P-value function: Independence Treatment Distance Test
pIndepDist.RdThese functions accept a data frame and perhaps test specific arguments (like whether or not the test will be asymptotic or simulation based). It produces a p-value.
Usage
pIndepDist(
dat,
fmla = YcontNorm ~ trtF | blockF,
simthresh = 20,
sims = 1000,
parallel = "yes",
ncpu = NULL,
distfn = fast_dists_and_trans_hybrid
)Arguments
- dat
An object inheriting from class data.frame
- fmla
A formula appropriate to the function. Here it should be something like outcome~treatment|block
- simthresh
is the size of the data below which we use direct permutations for p-values
- sims
Either NULL (meaning use an asymptotic reference dist) or a number (meaning sampling from the randomization distribution implied by the formula)
- parallel
is "no" then parallelization is not required, otherwise it is "multicore" or "snow" in the call to
coin::independence_test()(see help for coin::approximate()). Also, if parallel is not "no" andadaptive_dist_functionis TRUE, then an openmp version of the distance creation function is called usingncputhreads (orparallel::detectCores(logical=FALSE)cores).- ncpu
is number of cpus to be used for parallel operation.
- distfn
is a function that produces one or more vectors (a data frame or matrix) of the same number of rows as the dat
Details
For now, this function does an omnibus-style chi-square test using (1) the ratio of distances to controls to distances to treated observations within block; (2) the rank of distances to controls for each unit; and (3) the raw outcome.
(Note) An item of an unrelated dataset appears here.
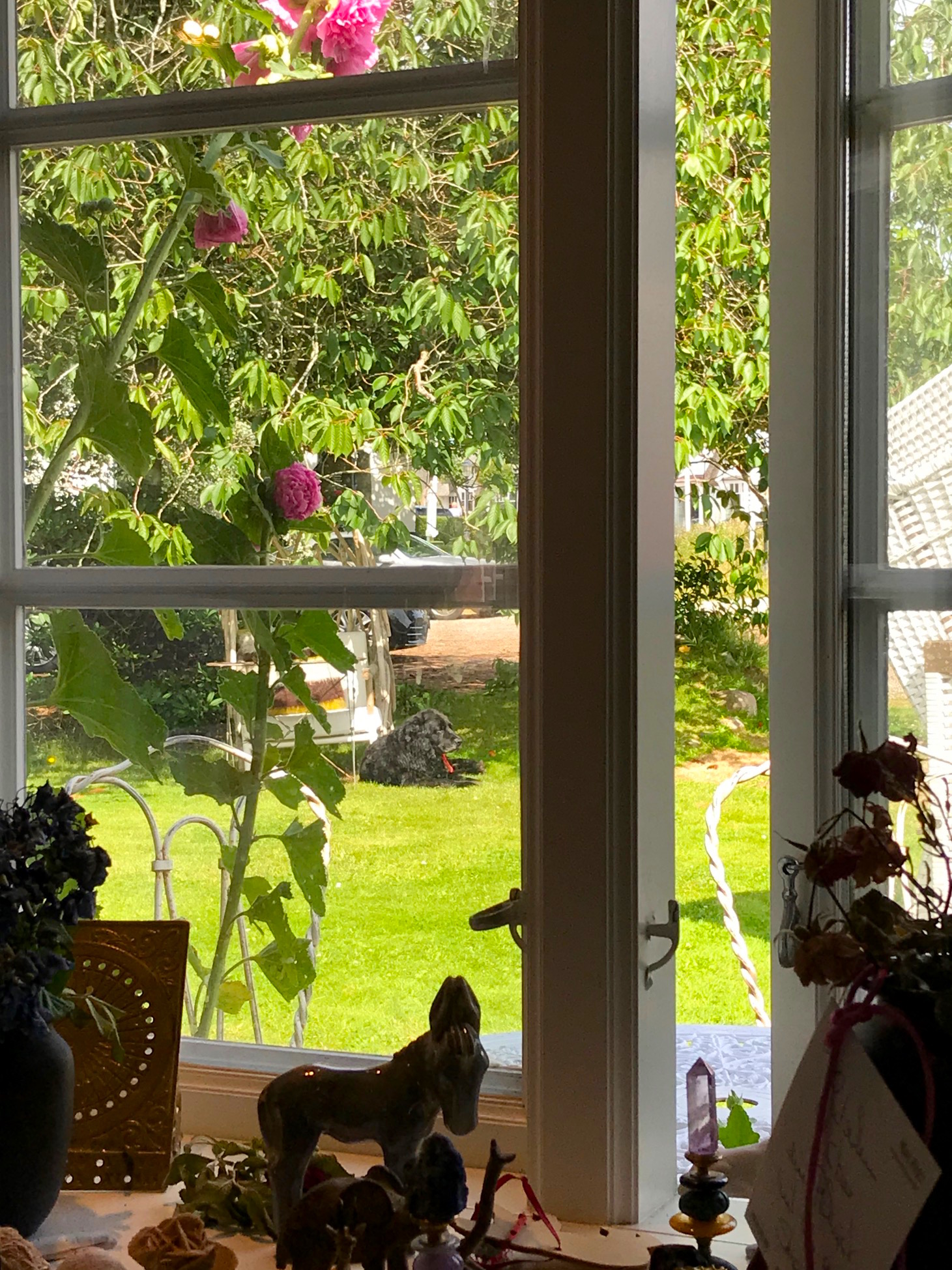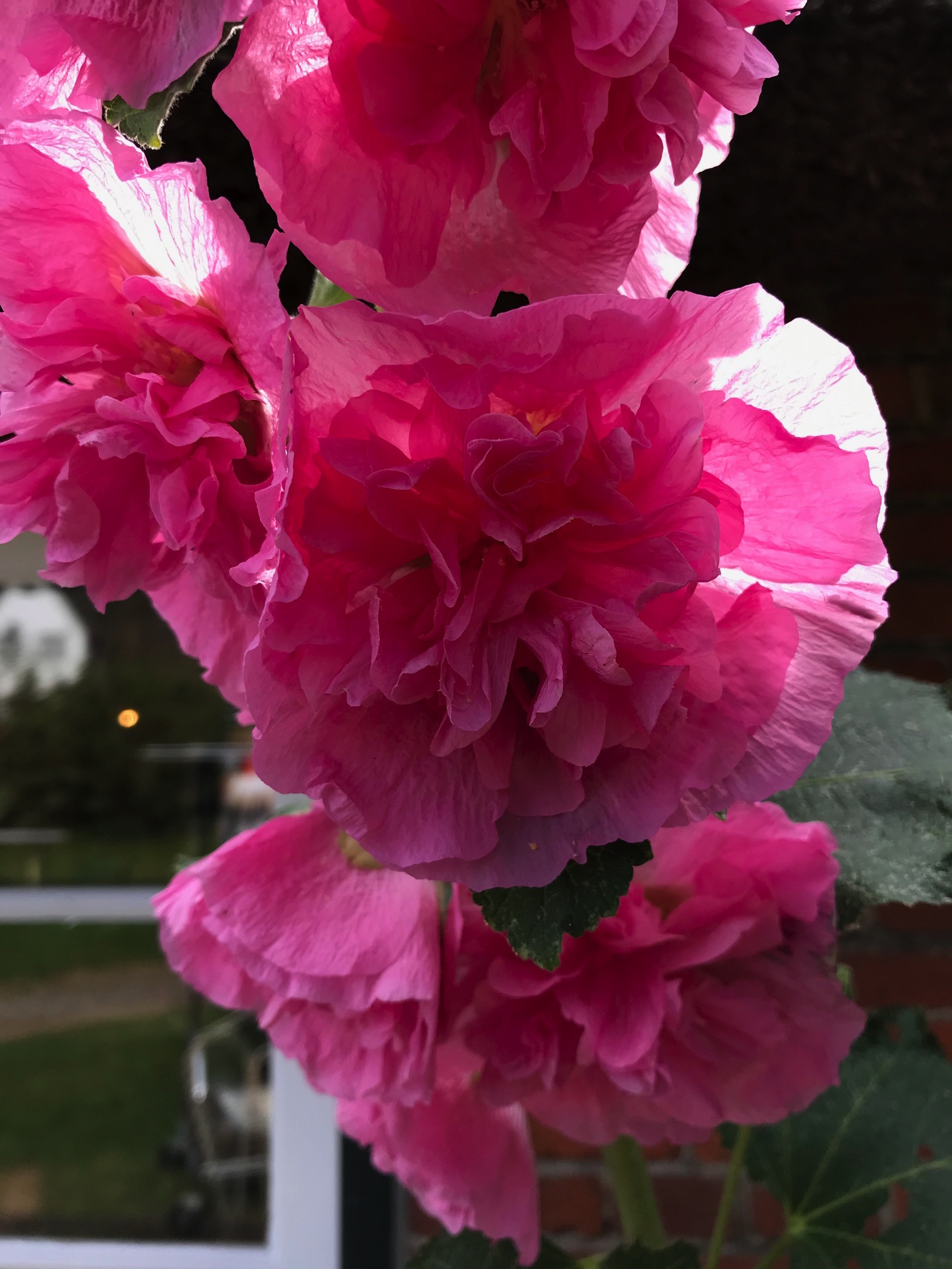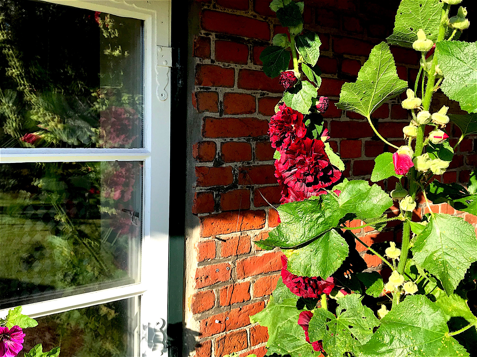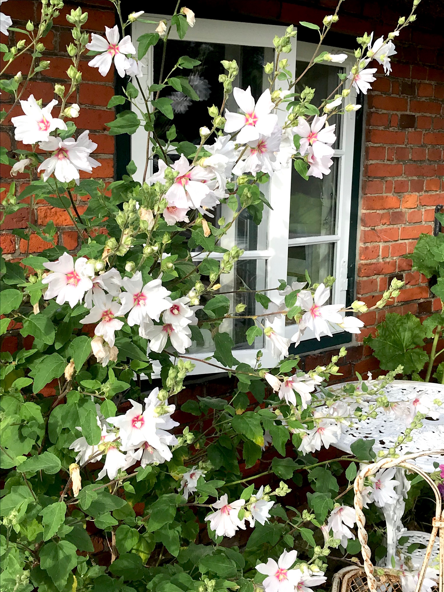 Die Pflanzenwesen haben einfach selbstständig übernommen, konzentrieren sich auf den Grafen und seinen grünen Daumen. Es wird begossen, beschnitten, befestigt und vor dem Rasenmäher gerettet. Es entsteht ein Garten, der in eine längst vergangene Zeit gehört, in der es keine modischen Überlegungen gab, ob blaue Hortensien zu rosa Stockrosen passen. Danke für die Fürsorge. Ich genieße still und innig als Augenmensch. Hinter dem Hibiskus befindet sich mein Schreibtisch, drinnen und draußen.

Although the distances are calculated by block, our profiling suggests that
it is better to parallelize the distance creation distfn (done here in C++
in the fastfns.cpp file) rather than use the data.table approach of
setDTthreads(). So, here we assume that the threads for data.table are 1.
Examples
# \donttest{
# Example using distance-based independence test
data(example_dat, package = "manytestsr")
library(data.table)
# Test for treatment effect using distance-based approach
single_block <- as.data.table(subset(example_dat, blockF == "B080"))
p_val <- pIndepDist(single_block, Y1 ~ trtF | blockF, parallel = "no")
print(p_val)
#> [1] 0.5394499
# Test with different outcome variable
p_val2 <- pIndepDist(single_block, Y2 ~ trtF | blockF, parallel = "no")
print(p_val2)
#> [1] 0.7764711
# }